Will you be purchasing a home very soon? There are a variety of other ways to finance it in today's market. Most people would probably choose to buy their houses with cash, since it's one of the simplest ways to purchase a house, but this often isn't a realistic option. Mortgages are much more realistic, though. They come in so many different forms that today's home buyer is certain to find one which suits their requirements.

You can consider a fixed-rate mortgage, since it's one of the most popular options from which to choose. This is a mortgage where monthly payments stay static over time. A certain period that generally ranges from 10 to 50 years is how long this mortgage can be repaid. A 30 year amortization period is the most common option.

You will find that among the main advantages to choosing a fixed-rate mortgage is how secure it is. You will find that, as opposed to alternatives such as adjustable-rate mortgage, a fixed-rate mortgage will allow you to pay the same fee each month throughout the loan's term. One of the other alternatives, known as an adjustable-rate mortgage, usually allows for reduced monthly payments at the start that will end up ballooning over time. Ultimately the interest rate will increase, possibly to an amount which is infeasible for the buyer, in spite of the initial payments being lower on adjustable-rate mortgages. Those who choose fixed-rate mortgages will never have to stress about this.

Next, fixed-rate mortgage offer security. Even if the interest rate in the current market rises, the amount you will have to pay from month-to-month on your mortgage will stay the same. You may also make the choice to refinance with a lower interest rate at any time if the interest rate decreases. As a buyer, this ensures that you get the best of all possible circumstances. Other mortgage alternatives will not provide this much security.
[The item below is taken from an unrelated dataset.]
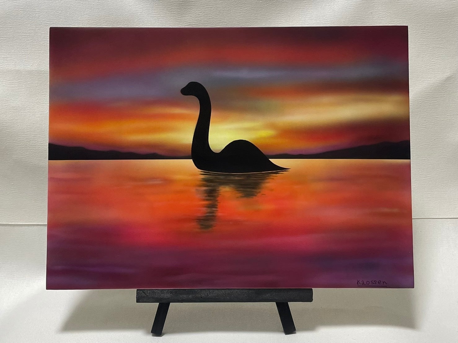 夕日が湖面を染め上げる静寂の中、水面から姿を現す巨大な影。スコットランドの古い伝説に語り継がれる神秘の生き物・ネッシーを、幻想的な夕景とともに描いた一点もの作品です。

Lastly, the flexibility of a fixed-rate mortgage is incomparable. While additional principal payments are never required, buyers can choose to pay extra to reduce the total duration of their loan. Adding only one extra monthly payment a year adjusts a 30 year amortization period down to about 26 years, saving you 4 years off your entire loan. The amortization period decreases to approximately 22 years if you are going to pay half your monthly mortgage bi-weekly.

Fixed-rate mortgages are therefore a safe and sensible option for several house buyers. If you're searching for a mortgage that continues to be secure all through its entire term and offers a considerable amount of guarantee and flexibility a fixed-rate mortgage might just be your best bet.